▸ TASK STATEMENT: What you write must match, character for character, the lines from the one with "2 комн. квартира" down to the one with "だから、ナチュラルでとっても上品。 せっかくのお花ですもの、上質な雰囲気をお楽しみ 下さいね。" in the listing below, minus its pictures.

▸ AVAILABLE RECORDS:
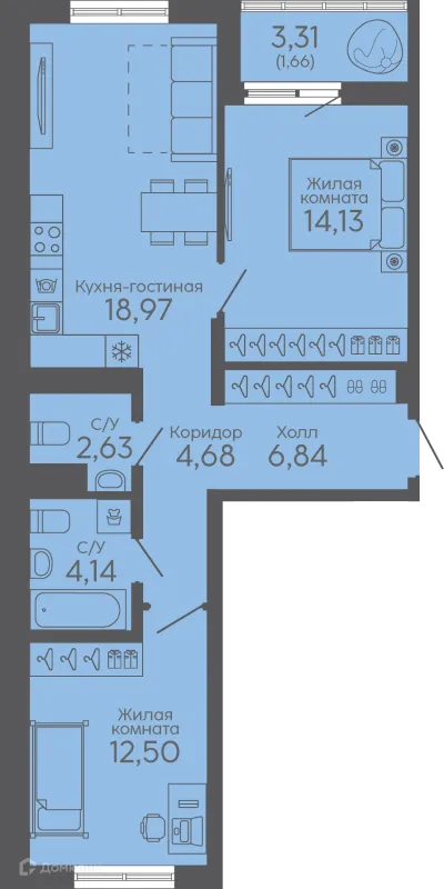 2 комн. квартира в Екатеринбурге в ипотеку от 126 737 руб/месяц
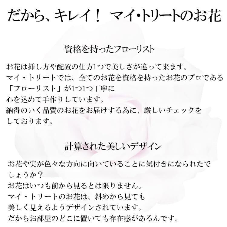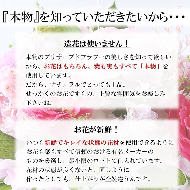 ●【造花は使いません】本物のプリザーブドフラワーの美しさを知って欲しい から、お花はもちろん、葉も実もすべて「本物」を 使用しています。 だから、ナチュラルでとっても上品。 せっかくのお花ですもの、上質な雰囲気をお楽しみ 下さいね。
---
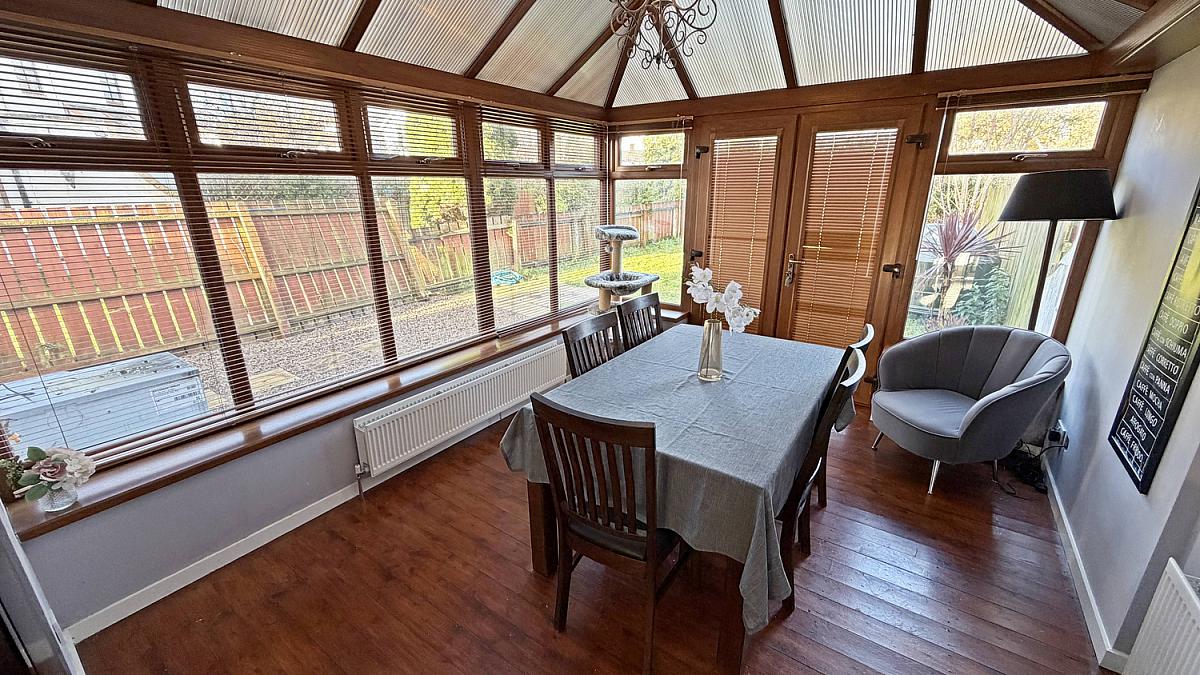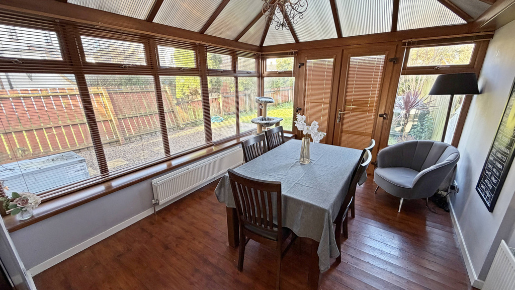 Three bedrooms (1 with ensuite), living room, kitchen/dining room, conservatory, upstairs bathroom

▸ RESULT FOR THIS EXERCISE:
 2 комн. квартира в Екатеринбурге в ипотеку от 126 737 руб/месяц
 ●【造花は使いません】本物のプリザーブドフラワーの美しさを知って欲しい から、お花はもちろん、葉も実もすべて「本物」を 使用しています。 だから、ナチュラルでとっても上品。 せっかくのお花ですもの、上質な雰囲気をお楽しみ 下さいね。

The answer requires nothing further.